## Task to carry out
Of the entries below, return exactly those lines that fall between the one containing "Der Pop up Laden" and the one containing "Шоколадные трюфели округлой", the two end lines included.

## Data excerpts
——
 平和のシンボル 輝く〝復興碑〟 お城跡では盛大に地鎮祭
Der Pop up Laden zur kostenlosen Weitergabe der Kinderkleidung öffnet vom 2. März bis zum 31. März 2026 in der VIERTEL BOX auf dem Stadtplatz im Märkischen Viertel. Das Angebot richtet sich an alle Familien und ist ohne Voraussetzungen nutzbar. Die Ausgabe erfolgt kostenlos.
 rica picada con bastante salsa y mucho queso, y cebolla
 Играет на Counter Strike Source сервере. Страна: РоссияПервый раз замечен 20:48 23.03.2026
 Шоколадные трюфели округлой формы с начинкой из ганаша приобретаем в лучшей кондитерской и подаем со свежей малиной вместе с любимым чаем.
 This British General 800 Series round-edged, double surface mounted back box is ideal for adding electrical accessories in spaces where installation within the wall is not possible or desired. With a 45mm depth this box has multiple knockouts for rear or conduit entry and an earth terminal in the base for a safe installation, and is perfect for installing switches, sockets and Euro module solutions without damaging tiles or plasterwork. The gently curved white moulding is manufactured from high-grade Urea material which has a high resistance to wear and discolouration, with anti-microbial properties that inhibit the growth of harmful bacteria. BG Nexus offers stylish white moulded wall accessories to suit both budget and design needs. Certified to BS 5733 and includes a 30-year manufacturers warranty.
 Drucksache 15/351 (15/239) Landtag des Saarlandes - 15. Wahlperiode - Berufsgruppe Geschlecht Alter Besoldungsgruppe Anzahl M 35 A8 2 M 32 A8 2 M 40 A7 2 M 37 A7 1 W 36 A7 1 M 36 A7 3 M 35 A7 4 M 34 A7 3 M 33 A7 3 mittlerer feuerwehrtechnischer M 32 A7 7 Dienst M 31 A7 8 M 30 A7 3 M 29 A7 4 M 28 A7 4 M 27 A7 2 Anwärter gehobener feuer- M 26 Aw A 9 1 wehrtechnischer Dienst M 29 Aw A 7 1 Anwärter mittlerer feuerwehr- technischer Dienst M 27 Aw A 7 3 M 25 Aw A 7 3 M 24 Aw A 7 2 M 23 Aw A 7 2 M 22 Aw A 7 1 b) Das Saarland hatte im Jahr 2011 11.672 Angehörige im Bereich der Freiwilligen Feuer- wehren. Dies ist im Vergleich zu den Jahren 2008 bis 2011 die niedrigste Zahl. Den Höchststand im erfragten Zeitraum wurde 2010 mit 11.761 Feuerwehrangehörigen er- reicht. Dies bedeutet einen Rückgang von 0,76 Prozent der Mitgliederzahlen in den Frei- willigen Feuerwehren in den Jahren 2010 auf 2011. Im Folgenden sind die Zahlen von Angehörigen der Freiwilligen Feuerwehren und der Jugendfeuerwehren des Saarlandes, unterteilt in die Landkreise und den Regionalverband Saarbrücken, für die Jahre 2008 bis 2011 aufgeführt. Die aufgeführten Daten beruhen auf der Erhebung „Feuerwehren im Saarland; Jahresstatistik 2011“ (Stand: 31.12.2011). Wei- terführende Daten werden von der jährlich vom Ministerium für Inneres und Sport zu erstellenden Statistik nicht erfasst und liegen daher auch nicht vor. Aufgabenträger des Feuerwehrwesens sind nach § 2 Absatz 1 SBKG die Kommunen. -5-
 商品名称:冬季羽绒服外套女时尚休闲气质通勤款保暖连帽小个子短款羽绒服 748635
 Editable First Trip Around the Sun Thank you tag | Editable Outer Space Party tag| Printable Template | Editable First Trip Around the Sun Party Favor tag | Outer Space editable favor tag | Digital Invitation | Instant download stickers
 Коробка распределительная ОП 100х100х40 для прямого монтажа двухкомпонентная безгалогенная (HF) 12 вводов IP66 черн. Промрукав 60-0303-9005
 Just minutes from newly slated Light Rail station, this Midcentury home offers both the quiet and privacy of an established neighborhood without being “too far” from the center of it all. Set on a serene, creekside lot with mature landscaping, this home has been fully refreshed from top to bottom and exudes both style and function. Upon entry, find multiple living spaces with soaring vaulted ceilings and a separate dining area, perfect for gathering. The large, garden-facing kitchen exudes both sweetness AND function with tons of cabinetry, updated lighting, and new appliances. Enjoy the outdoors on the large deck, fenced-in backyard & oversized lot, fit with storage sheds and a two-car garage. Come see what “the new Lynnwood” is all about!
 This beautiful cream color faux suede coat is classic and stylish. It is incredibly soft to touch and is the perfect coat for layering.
——
## Answer box
Der Pop up Laden zur kostenlosen Weitergabe der Kinderkleidung öffnet vom 2. März bis zum 31. März 2026 in der VIERTEL BOX auf dem Stadtplatz im Märkischen Viertel. Das Angebot richtet sich an alle Familien und ist ohne Voraussetzungen nutzbar. Die Ausgabe erfolgt kostenlos.
 rica picada con bastante salsa y mucho queso, y cebolla
 Играет на Counter Strike Source сервере. Страна: РоссияПервый раз замечен 20:48 23.03.2026
 Шоколадные трюфели округлой формы с начинкой из ганаша приобретаем в лучшей кондитерской и подаем со свежей малиной вместе с любимым чаем.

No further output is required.